EGRP News Flash - April 3, 2009

NCI Priority Areas of Interest to Cancer Epidemiologists

On behalf of the National Cancer Institute (NCI), the Epidemiology and Genetics Research Program (EGRP) would like to make investigators aware of several NCI priority topic areas relevant to the fields of epidemiology and genetics:

Treatment and clinical records for cancer patients in case control, cohort, and familial studies for etiology studies of cancer
Obtaining clinical and treatment data on cancer patients poses some formidable technical challenges for investigators studying the role of genetic, environmental factors, and cancer treatment factors and their interactions in the risk of recurrence, survival, and new primary cancers.
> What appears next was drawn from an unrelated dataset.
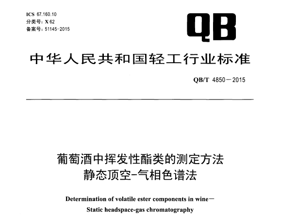 QBT 4850-2015 葡萄酒中揮發(fā)性酯類的測定方法 靜態(tài)頂空-氣相色譜法 適用范圍本標準規(guī)定了葡萄酒中揮發(fā)性酯類的靜態(tài)頂空-氣相色譜法的原理、試劑和材料、儀器和設備、分析步驟... 更新日期:2020-05-09 下載包(1)

This priority topic encourages projects that collect and integrate cancer-directed therapy data from cancer patients in existing case-control, cohort, and familial studies, for the purpose of better understanding the determinants of primary cancer, cancer recurrence, other secondary outcomes, survival, and new primary cancers.
Biospecimen Sharing Infrastructure
Understanding the role of the genetic and environmental determinants that cause cancer requires well-designed studies that collect biospecimens from an extremely large number of patients and healthy individuals. These studies are not achievable by any single institution and require the pooling of biospecimen resources by institutions across the country. In addition, biospecimen resources are finite (can be used up) and careful tracking as well as replenishment of such resources when possible need to be implemented on a national level across institutions. This priority research topic encourages projects that establish processes, protocols, and databases for the exchange, sharing, and pooling of biospecimens across cancer epidemiology studies and develop and implement infrastructures and technologies to maintain, process, and replenish such shared resources.
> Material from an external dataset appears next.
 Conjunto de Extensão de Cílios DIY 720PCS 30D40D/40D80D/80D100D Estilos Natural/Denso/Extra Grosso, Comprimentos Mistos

Enhance Consortia Biospecimen Resources
Biospecimens are crucial resources for any study of the role of genetic and environmental factors on cancer risk and progression. This priority area encourages projects that assure that high quality standards (as determined by NCI's Office of Biorepositories and Biospecimen Research and Cancer Biomedical Informatics Grid (caBIG)) are applied to the collection, maintenance, and distribution of the precious biospecimen resources accumulated from patients participating in NCI-supported interdisciplinary consortia. It will assure that the biospecimens are preserved in optimal condition for use in biochemical, functional, and genetic assays and that best industry standards are adhered to. Further, it will help create the infrastructure to keep track of the specimens and the important clinical data connected to them.
Methylation profiling of previously collected DNA samples from existing human population studies
Regulation of the activity of human genes is essential to the process of cancer development. One important way genes are regulated is through the addition or deletion of a chemical methyl group to critical areas on human chromosomes. Chemical, physical, genetic, and nutritional factors, as well as infectious agents, can affect this methylation process. Recently developed technologies have allowed for a more accurate assessment of the extent and nature of methylation in people's genes. This technique has not yet been applied in large-scale human studies. This priority topic encourages projects that will help understand what factors influence the process of methylation, and how methylation patterns differ in people with and without cancer. It will also be important to integrate this information with data derived from studies focusing on genetic, metabolic, and environmental factors influencing cancer risk.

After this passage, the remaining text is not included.